轴向压缩式管件磁脉冲胀形电磁结构耦合机理及材料成形性能研究
基本信息
结项摘要
Electromagnetic forming, which can significantly improve the metal formability, plays an important role in solving the difficulty in aluminum alloy processing. However, the main object of electromagnetic tube expansion is usually aiming at increasing the coupling efficiency between the driving coil and the workpiece. As a result, the workpiece is mainly expanded and the wall thickness reduces seriously. To improve the material formability, the electromagnetic tube expansion with axial compression is proposed in this project. The basic idea of this method is to optimize the structure of the driving coil so as to obtain the axial and radial electromagnetic force. Because of the axial compression, the wall thickness thinning reduces and the material formability improves.
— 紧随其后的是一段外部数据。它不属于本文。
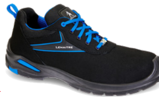
Paul S3 ESD SRC ARTIKELNUMMER : 8075
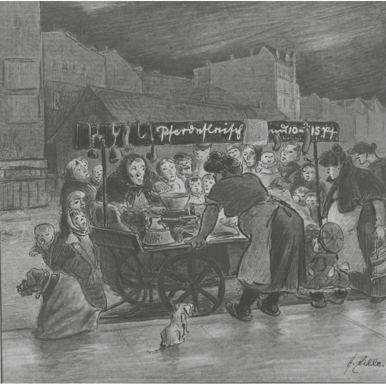
Abb. 3: Aquarell Heinrich Zilles, Am Pferdefleischwagen, Berlin 1910. Tierschützer monierten häufig die Verwendung ungeeigneter Geschirre, Fahrzeuge und Lasten; zugunsten des Tierwohls bemühten sie sich, um ein Verbot der Hundefuhrwerke.

Bezeichnung nach seiner Nutzergruppe. 33 Der im Vergleich zum Wagen kläglich wirkende Ziehhund erscheint vom Transport in die Stadt erschöpft. Tierschützer monierten häufig die Verwendung ungeeigneter Geschirre, Fahrzeuge und Lasten. Denn oft standen Gewicht und Größe des Wagens nicht in einem angemessenen Verhältnis zur Schwere und Größe des Hundes. Das Geschirr verbesserte nicht nur die Zugkraft des Hundes, sondern war durch die Anschirrung an der Wagendeichsel ein materielles Verbindungsstück zwischen Hund und Fuhrwerk. So gewährleistete die Anspannung am Wagen mithilfe eines Geschirrs die sichere Verwahrung des Hundes am Fuhrwerk. Darüber hinaus konnte die Fuhrperson über die Wagendeichsel die Geschwindigkeit und Bewegungsrichtung von Hund und Wagen vorgeben. Dennoch blieb der Transport vom Mitwirken des Hundes abhängig, der auch in Störfällen eingreifen und auf Umweltreize reagieren konnte. So wie sich
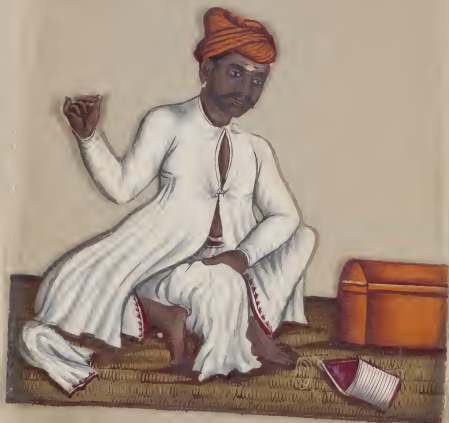
Malabar Tailor of LS of the Malabar
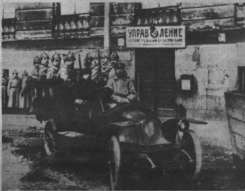
Чекисты перед выездом на задание.
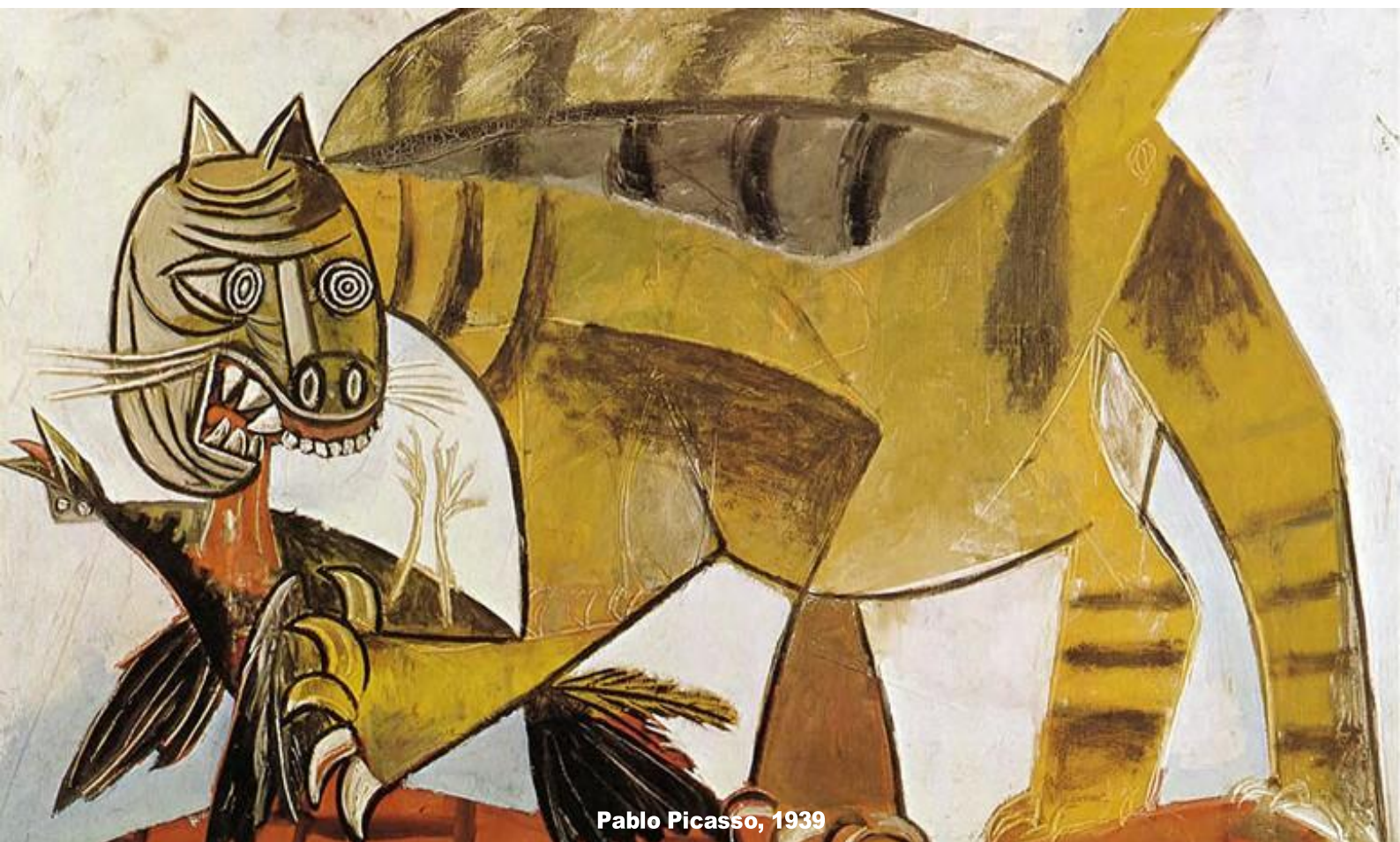
Pablo Picasso, 1939

En 2021, ils créent la pièce Showgirl adaptée du film Showgirls, de Paul Verhoven, au Théâtre Saint Gervais, Genève, dans le cadre du festival La Batie.
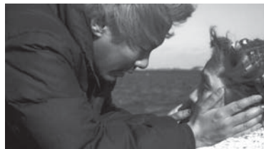
▲優秀賞 監督：浅沼直也 「冬が燃えたら」
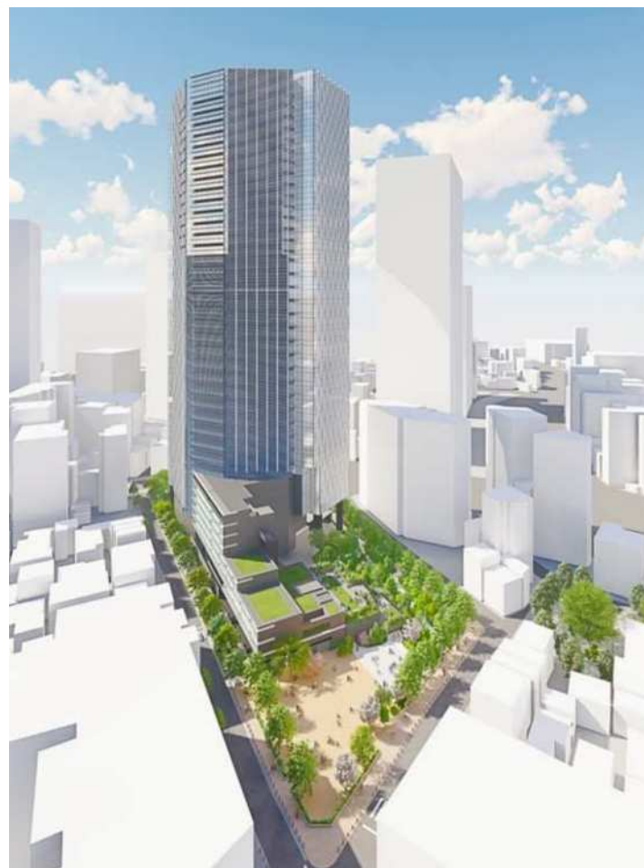
地区東からのイメージパース
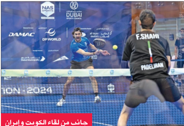
جانب من لقاء الكويت وإيران

حقق منتخب الكويت للبادل المركز الثاني لبطولة «ند الشبا» الدولية لفرق البادل، التي اختتمت منافساتها أمس الأول (السبت) في دبي، بعد خسارته النهائية بنتيجة 0-2.
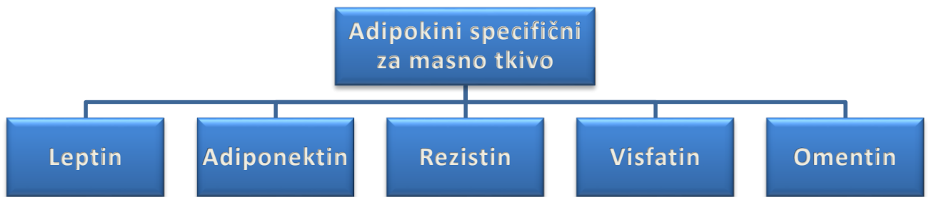
Slika 1. Adipokini specifični za masno tkivo

Leptin je hormon uključen u regulaciju uzimanja hrane, balansa energije i tjelesne mase te je iznimno bitan u regulaciji menstrualnog ciklusa, a ujedno je i prvi adipokin pomoću kojeg je otkrivena endokrina funkcija masnog tkiva. Razine leptina se povisuju nakon obroka dok se smanjuju prilikom gladovanja 19 . Dominantno se proizvodi u adipocitima i to ovisno o količini masnog tkiva, a nalazi se još u želucu, hipofizi, hipotalamusu, placenti i mliječnoj žlijezdi. Glavne uloge su održavanje metaboličke homeostaze i kontrola uzimanja hrane na način da djeluje na grupu neurotransmitera kao što su neuropeptid Y (NYP) i proopiomelanokortin (POMC), kao i na neurone koji luče kipeptin, dinorfin i bradikinin. (Slika 2.)

The coupled electromagnetic-structural mechanism, distribution of electromagnetic force, and material formability of electromagnetic tube expansion with axial compression will be studied in this project. Based on four different finite element models, the interaction among the spatiotemporal distribution of electromagnetic field, the magnitude and direction of the electromagnetic force, the motional electromotive force, the workpiece displacement, and the forming behavior will be elucidated. Moreover, the wall thickness and fatigue performance of the deformed tubes under different electromagnetic force will be analyzed. It is expected to reveal the coupled electromagnetic-structural mechanism in the electromagnetic tube expansion process and clarify the effect of loading mode on the material formability. With these researches, we hope this project will provide relevant theoretical and experimental basis for electromagnetic forming.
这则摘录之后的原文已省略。